Reproduction & MutationsEdit
After plant stops growing and reaches maturity, it spawns seed containing genotype from plant root, not genotype of node that spawned the seed. This mechanism stops plant natural genetic drift and any natural selection adaptation process, but allows much more fine control over vivarium flora. Seed genotype can be affected by injecting it with condensed mutagens and carcinogens, altering resulting plant root DNA with random coding mutations. Plant can be also reproduced by cuttings. Cuttings always contain genotype of node from where the cutting has been cut from, and resulting plant root DNA will contain mutations from cut nodes.
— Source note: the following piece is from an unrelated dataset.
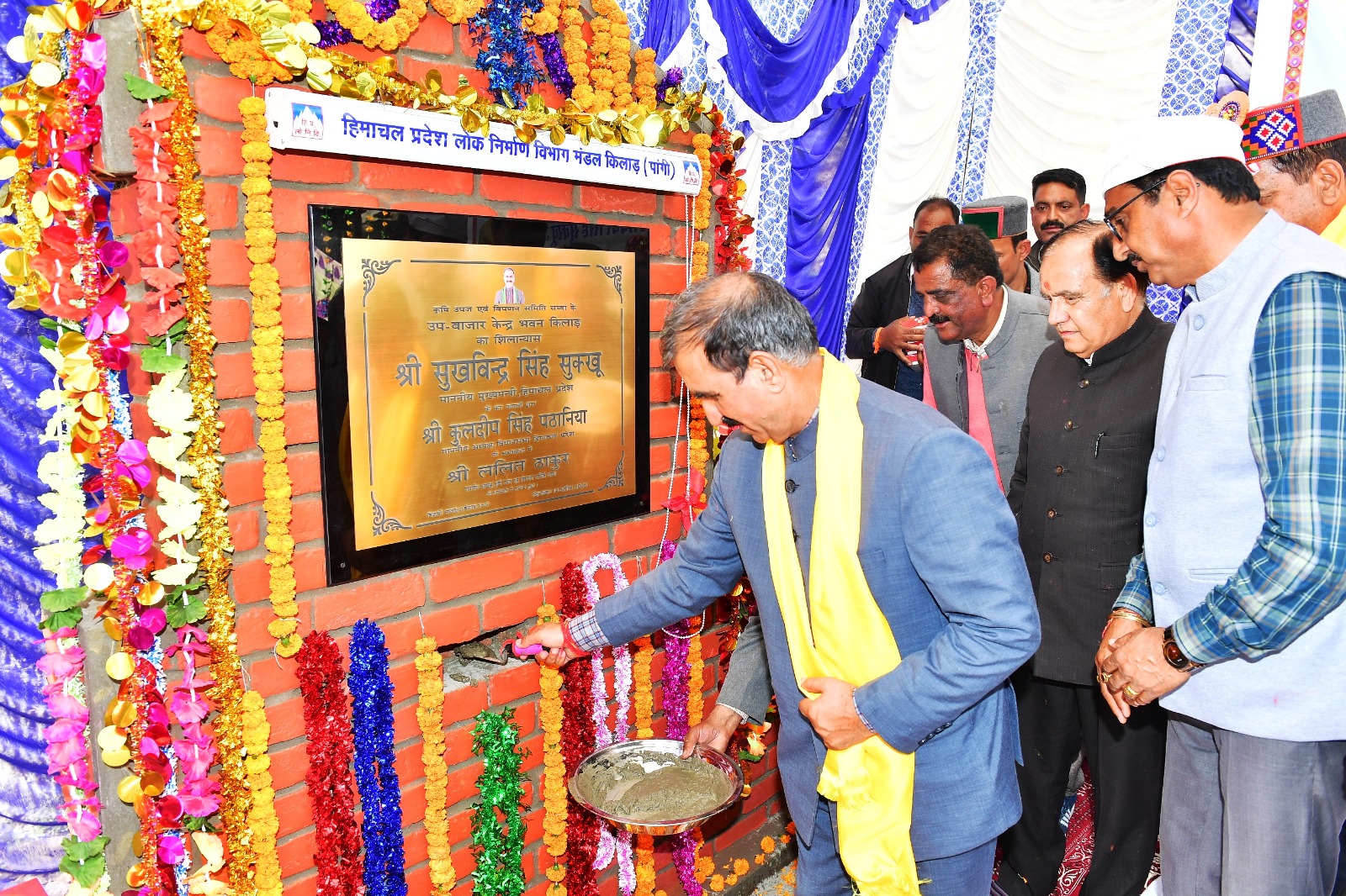 मुख्यमंत्री ठाकुर सुखविंद्र सिंह सुक्खू ने जिला चम्बा के पांगी प्रवास के दौरान क्षेत्रवासियों के लिए करोड़ो रुपये लागत की 14 विकासात्मक परियोजनाओं के उद्घाटन व शिलान्यास किए।मुख्यमंत्री किलाड़ में 3.75 करोड़ रुपये लागत के कृषि विभाग के आवासीय कमरों,राजकीय उच्च विद्यालय लुज में 1.5 करोड़ रुपये लागत से बनने वाले अतिरिक्त कमरों,राजकीय उच्च विद्यालय मिंधल में 1.5 करोड़ रुपये की लागत के अतिरिक्त कमरों,किलाड़ में 2.13 करोड़ रुपये की लागत के मार्केट यार्ड,किलाड़ में 49.42 लाख रुपये लागत के राज्य विद्युत बोर्ड लिमिटेड के नए कार्यालय,1.99 करोड़ रुपये की लागत से निर्मित होने वाले स्वास्थ्य उप-केन्द्र रेई तथा 1.99 करोड़ रुपये की लागत के स्वास्थ्य उप-केन्द्र हुडान का शिलान्यास किया।

Plant specimens can randomly grow into rare or unique versions of the species. Rare plants are characterized by special visual pattern visible on each plant node. Patterns of unique rarity are animated. Plant rarity is defined on root spawning - if at least 10 coding codons from plant root genotype match exactly randomly generated genome, the plant is defined as rare, with small random chance to become unique. Genome to match is generated uniquely, each time new plant root spawns.
Plant rarity is not passed down to cuttings, so any cutting taken from any node of rare plant will not retain the original rarity, unless the cutting is taken at very root of the plant. Cuttings taken at plant root and all plants grown by natural reproduction cycle will retain original plant rarity indefinitely, once original plant randomly mutates.
When plant spawns new seed, a seeding position is defined within seed range (from original plant planting position). This characteristic is passed down in genotype, but has no chance for random mutation. Seeding position depends only on original planting position, and isn't influenced anymore by further seeding positions to avoid plants position drift too far from original planting center.
Plant seeding range can be modified by changing corresponding codon value in genome, or by holding SHIFT button and using mouse scroll up/down while moving growing plant/plant cutting. Seeding range is represented under held growing plant/plant cutting as cascading round lines, with the furthest circle representing maximum seeding range for this specimen, and all plants directly descending in natural reproduction from this plant. Lowest possible seeding range is 0, resulting in plant seed always spawning in exactly same point as parent plant root.
Some chemical compounds can be used as herbicides, to decimate plants living in herbicide area of effect. This effect can be however negated by plants with natural resistance to such compounds. Plants herbicide resistance varies naturally, and specimens with genotype expressing higher resistance can be found by artificial selection by mass use of herbicide, across many specimens of same species in close proximity, or by direct genome manipulation of codon responsible for herbicide resistance.
Plant herbicide resistance is not binary, but gradual - with higher resistance corresponding to lower probability of plant being affected by herbicide.
Fruiting and flowering plants can be cross-pollinated. Cross-pollination scrambles genome of pollinating and pollinated plants, allowing for controlled species reproduction. To cross-pollinate plant, use brush to take sample of pollen from flower/fruit of pollinating specimen, and use the brush on flower/fruit of pollinated plant. Seed spawned by pollinated plant will contain randomly scrambled genotype of both plants. Pollen collected on brush can be used once.